▶ _What is expected_
Beneath this line are entries. Copy the range from the line with "मुख्यमंत्री शिवराज सिंह" to the line with "Break-Even-Automatisierung: Sie können", ends included, exactly; leave pictures out.

======== Data excerpts

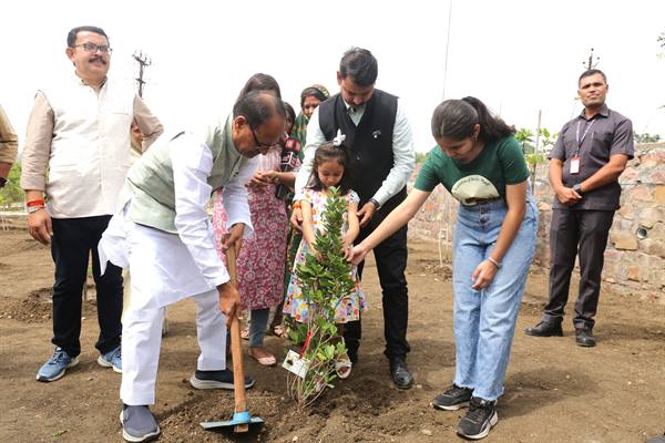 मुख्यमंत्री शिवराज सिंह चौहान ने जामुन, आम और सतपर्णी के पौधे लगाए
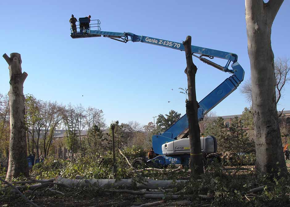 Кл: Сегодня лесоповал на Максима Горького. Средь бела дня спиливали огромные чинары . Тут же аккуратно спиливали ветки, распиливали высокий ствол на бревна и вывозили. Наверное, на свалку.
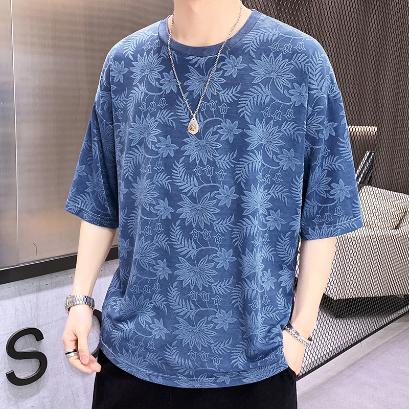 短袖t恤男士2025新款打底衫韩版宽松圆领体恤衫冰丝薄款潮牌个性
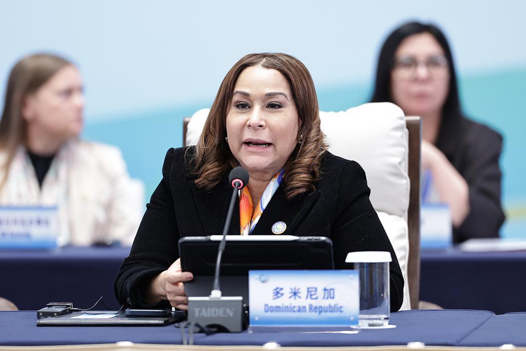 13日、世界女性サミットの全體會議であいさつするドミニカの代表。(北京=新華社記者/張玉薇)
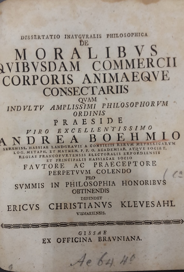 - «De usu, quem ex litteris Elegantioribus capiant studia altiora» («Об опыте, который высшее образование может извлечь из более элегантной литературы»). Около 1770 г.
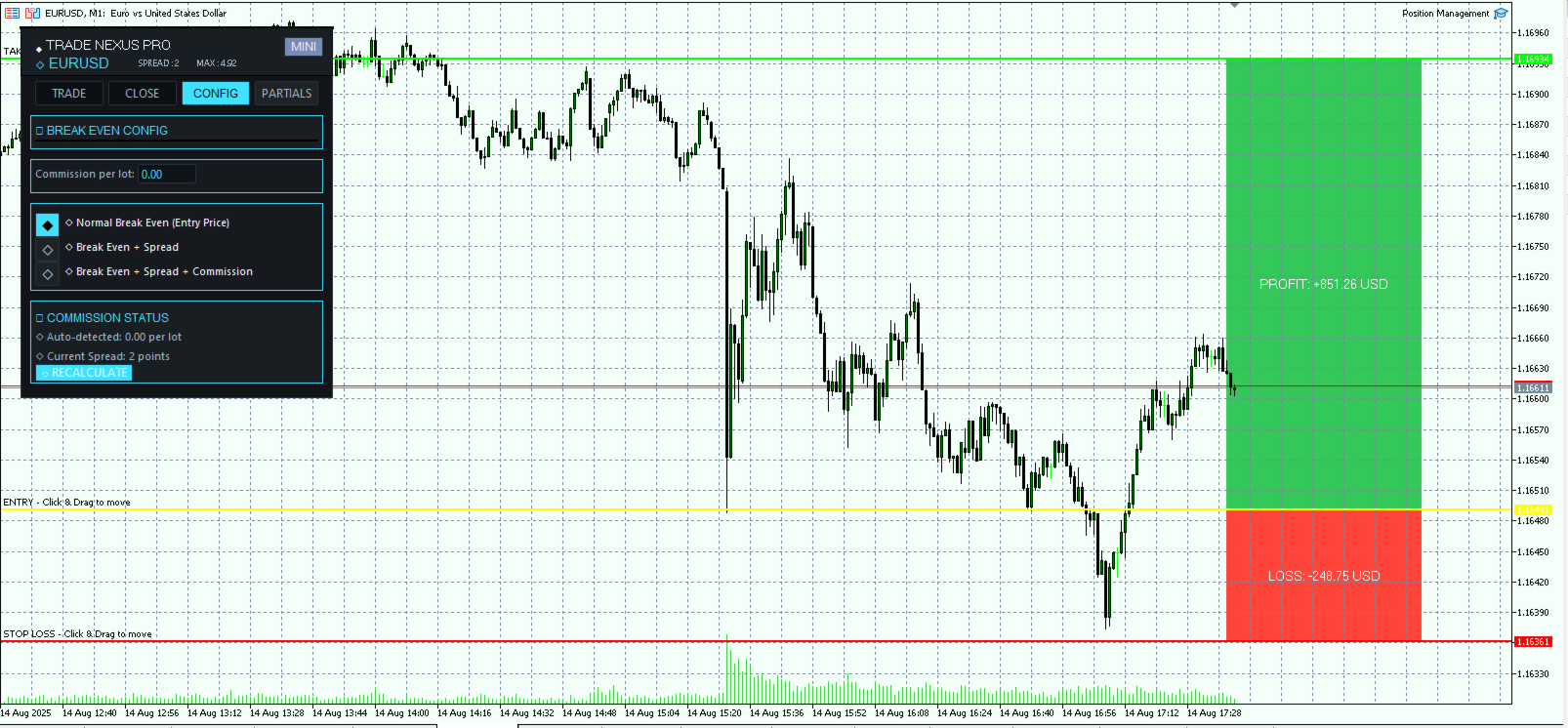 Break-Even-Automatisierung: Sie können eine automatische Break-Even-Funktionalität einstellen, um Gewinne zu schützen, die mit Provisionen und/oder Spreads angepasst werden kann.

================
======== Data excerpts

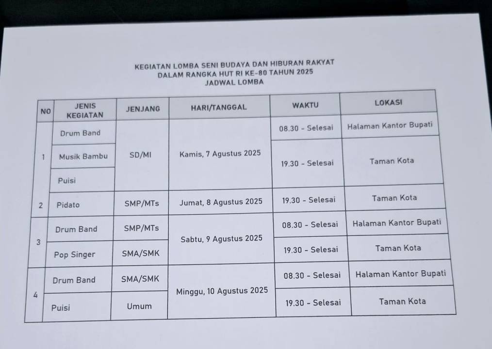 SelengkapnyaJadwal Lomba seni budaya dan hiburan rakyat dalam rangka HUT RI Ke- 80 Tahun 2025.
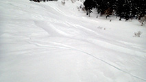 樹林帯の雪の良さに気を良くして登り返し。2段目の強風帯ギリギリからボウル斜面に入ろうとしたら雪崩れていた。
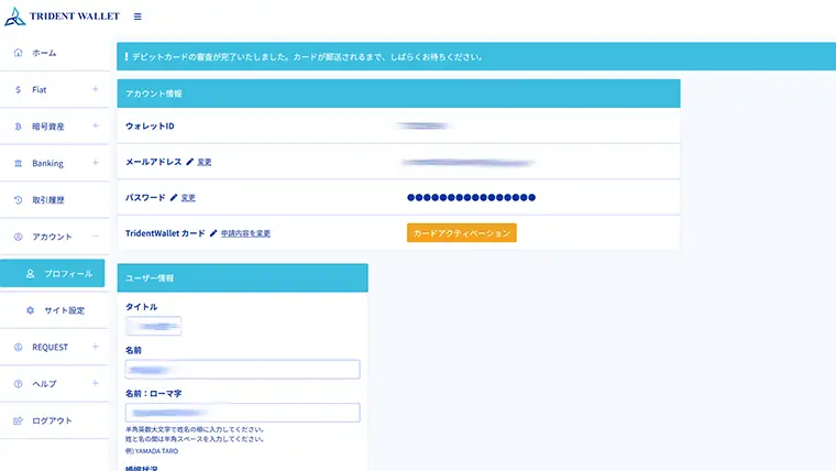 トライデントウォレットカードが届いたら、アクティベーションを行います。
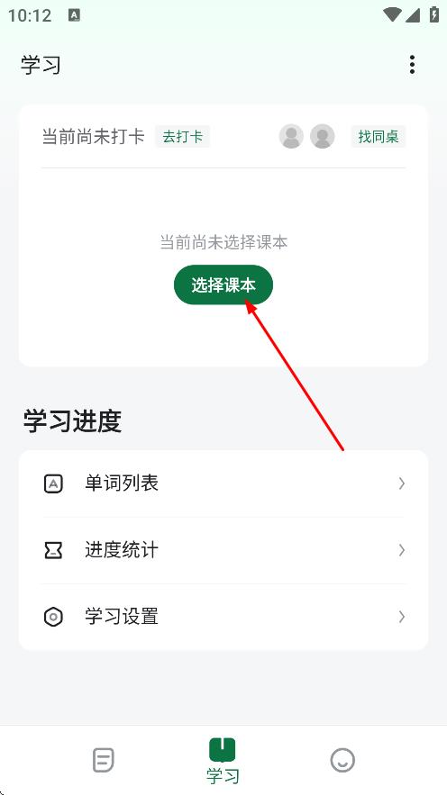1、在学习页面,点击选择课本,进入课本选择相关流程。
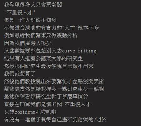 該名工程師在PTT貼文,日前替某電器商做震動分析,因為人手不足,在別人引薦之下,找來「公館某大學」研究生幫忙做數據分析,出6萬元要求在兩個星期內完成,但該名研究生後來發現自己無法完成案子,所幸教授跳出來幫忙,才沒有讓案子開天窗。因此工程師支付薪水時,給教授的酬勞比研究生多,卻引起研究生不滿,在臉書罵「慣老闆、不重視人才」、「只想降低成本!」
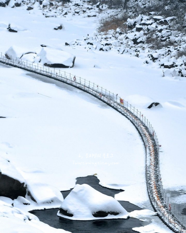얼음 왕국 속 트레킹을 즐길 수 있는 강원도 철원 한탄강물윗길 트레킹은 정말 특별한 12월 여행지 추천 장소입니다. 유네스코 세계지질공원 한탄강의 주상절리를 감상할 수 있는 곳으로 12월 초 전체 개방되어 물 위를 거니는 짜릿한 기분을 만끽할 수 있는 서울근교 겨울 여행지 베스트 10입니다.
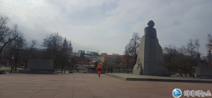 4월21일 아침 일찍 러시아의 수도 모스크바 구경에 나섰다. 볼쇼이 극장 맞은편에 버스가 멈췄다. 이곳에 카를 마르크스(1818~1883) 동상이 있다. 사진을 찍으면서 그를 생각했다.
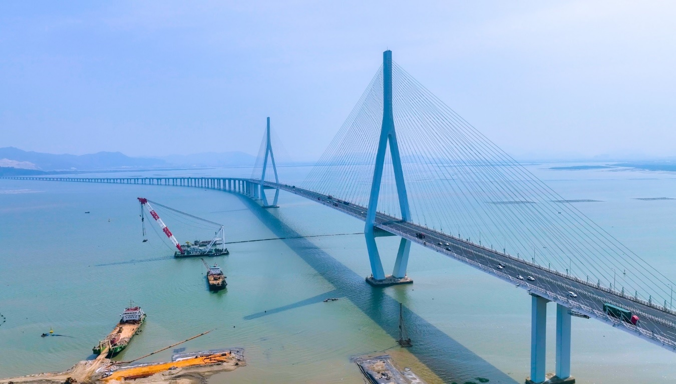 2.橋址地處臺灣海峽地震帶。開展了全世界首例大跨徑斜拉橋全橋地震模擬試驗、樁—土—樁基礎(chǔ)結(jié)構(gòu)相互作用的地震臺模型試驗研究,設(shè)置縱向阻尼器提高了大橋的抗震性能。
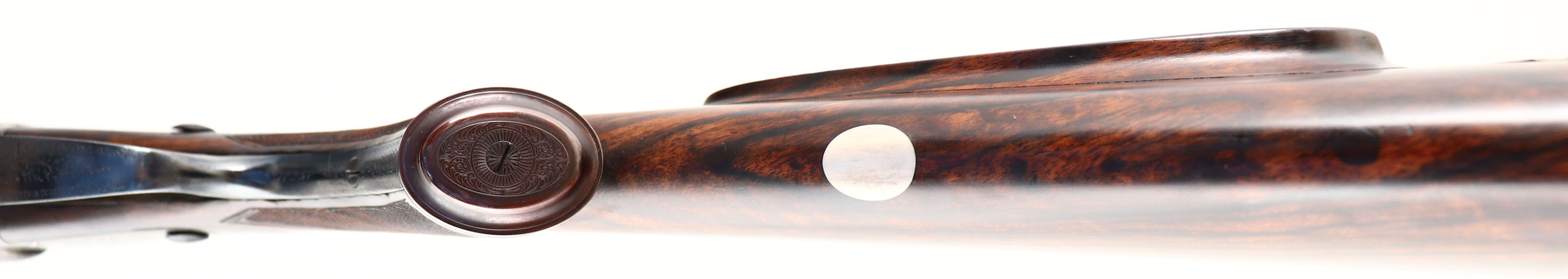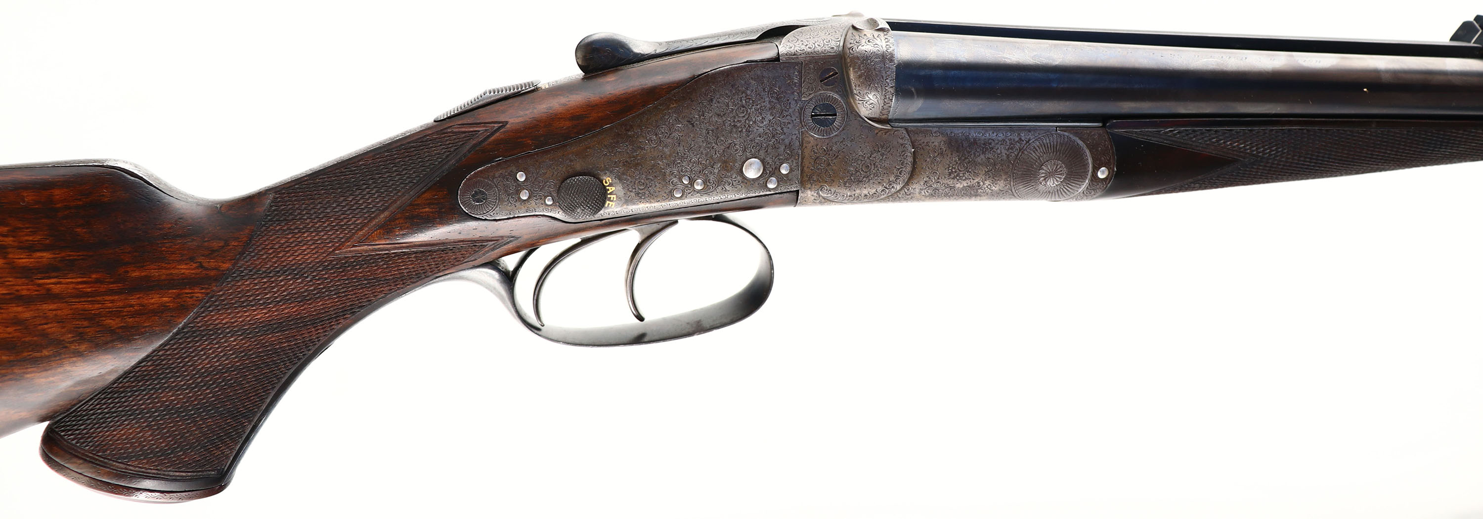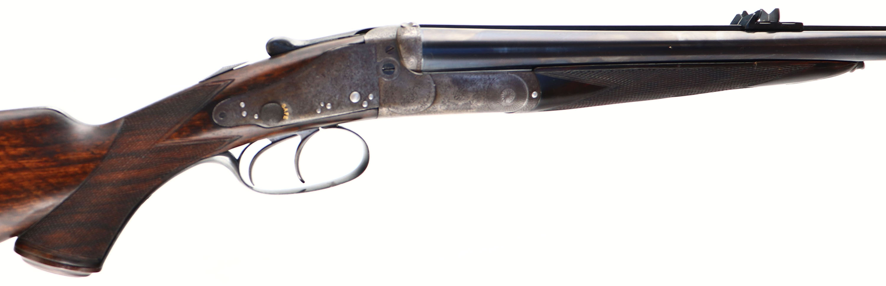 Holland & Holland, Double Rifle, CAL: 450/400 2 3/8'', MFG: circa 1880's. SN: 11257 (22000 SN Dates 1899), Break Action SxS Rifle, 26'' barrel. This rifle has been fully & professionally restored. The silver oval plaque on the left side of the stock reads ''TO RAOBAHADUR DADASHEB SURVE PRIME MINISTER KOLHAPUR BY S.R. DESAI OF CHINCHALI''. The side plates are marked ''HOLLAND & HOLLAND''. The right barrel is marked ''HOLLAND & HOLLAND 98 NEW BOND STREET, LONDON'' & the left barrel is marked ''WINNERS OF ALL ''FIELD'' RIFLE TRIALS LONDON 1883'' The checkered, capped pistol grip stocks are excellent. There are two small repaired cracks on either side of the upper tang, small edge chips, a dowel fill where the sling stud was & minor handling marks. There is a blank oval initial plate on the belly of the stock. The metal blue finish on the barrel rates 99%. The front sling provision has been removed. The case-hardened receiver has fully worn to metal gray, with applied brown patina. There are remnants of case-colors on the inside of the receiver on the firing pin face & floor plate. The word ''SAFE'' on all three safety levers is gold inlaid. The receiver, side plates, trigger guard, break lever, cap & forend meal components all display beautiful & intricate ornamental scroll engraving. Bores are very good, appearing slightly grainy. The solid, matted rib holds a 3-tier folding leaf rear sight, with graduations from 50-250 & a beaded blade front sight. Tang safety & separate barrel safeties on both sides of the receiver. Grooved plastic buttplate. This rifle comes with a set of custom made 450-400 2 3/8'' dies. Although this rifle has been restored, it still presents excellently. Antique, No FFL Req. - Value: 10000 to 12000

================
======== Data excerpts

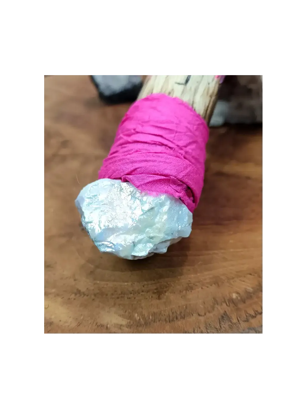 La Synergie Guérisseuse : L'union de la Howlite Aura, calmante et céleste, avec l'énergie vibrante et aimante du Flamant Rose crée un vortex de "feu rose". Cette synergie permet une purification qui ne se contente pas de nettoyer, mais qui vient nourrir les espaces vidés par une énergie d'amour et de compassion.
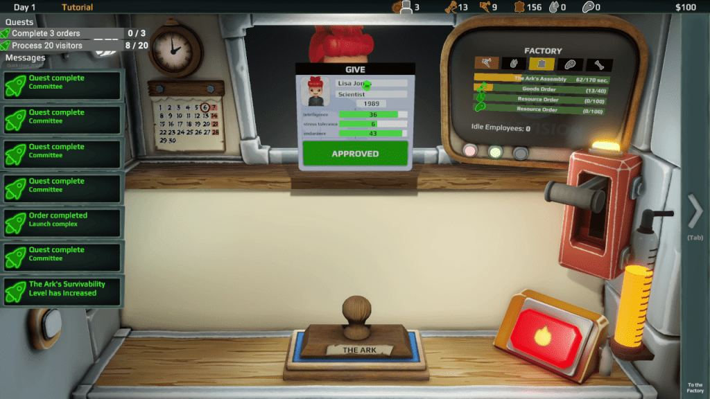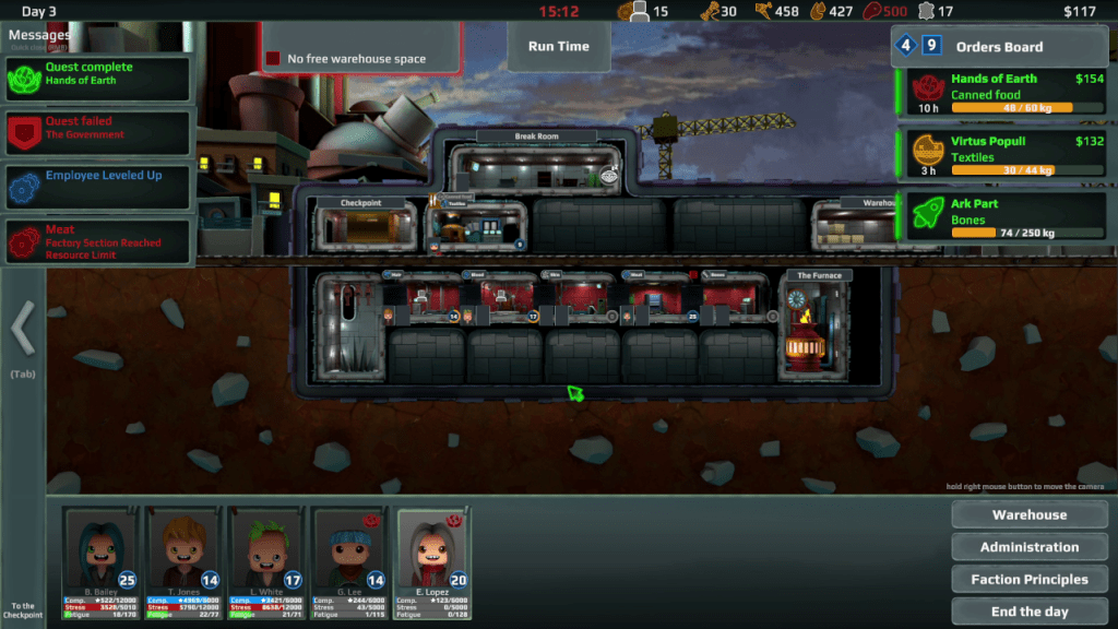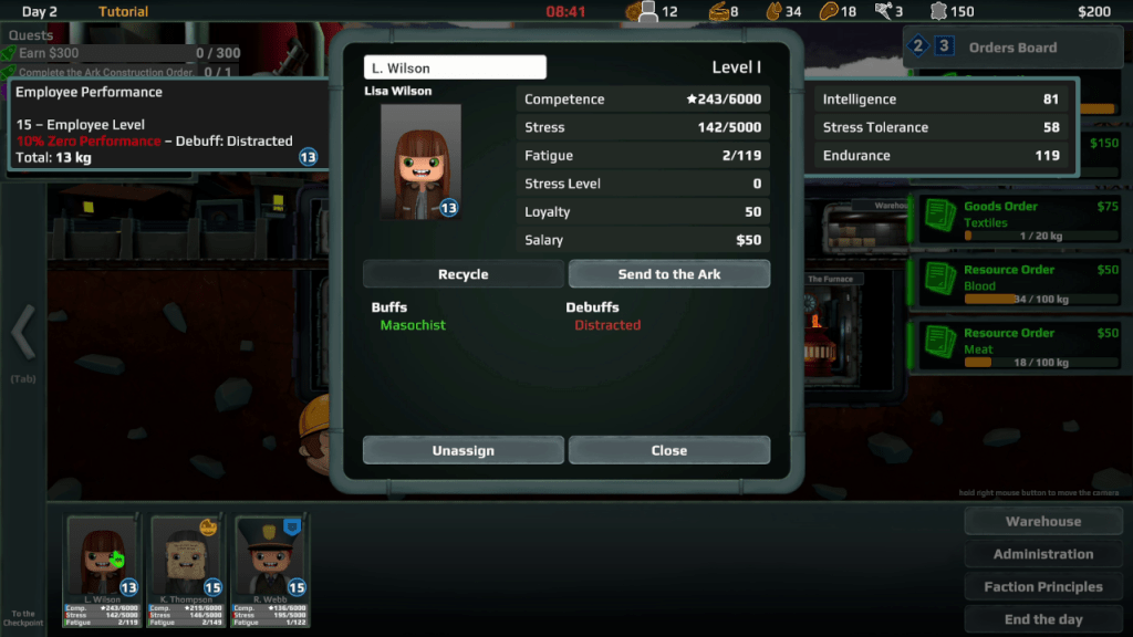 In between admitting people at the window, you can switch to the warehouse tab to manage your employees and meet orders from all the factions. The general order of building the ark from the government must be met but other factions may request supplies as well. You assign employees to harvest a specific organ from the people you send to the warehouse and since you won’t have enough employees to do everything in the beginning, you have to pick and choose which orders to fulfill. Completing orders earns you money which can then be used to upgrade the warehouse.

================

▶ _Output of the exercise_
 मुख्यमंत्री शिवराज सिंह चौहान ने जामुन, आम और सतपर्णी के पौधे लगाए
 Кл: Сегодня лесоповал на Максима Горького. Средь бела дня спиливали огромные чинары . Тут же аккуратно спиливали ветки, распиливали высокий ствол на бревна и вывозили. Наверное, на свалку.
 短袖t恤男士2025新款打底衫韩版宽松圆领体恤衫冰丝薄款潮牌个性
 13日、世界女性サミットの全體會議であいさつするドミニカの代表。(北京=新華社記者/張玉薇)
 - «De usu, quem ex litteris Elegantioribus capiant studia altiora» («Об опыте, который высшее образование может извлечь из более элегантной литературы»). Около 1770 г.
 Break-Even-Automatisierung: Sie können eine automatische Break-Even-Funktionalität einstellen, um Gewinne zu schützen, die mit Provisionen und/oder Spreads angepasst werden kann.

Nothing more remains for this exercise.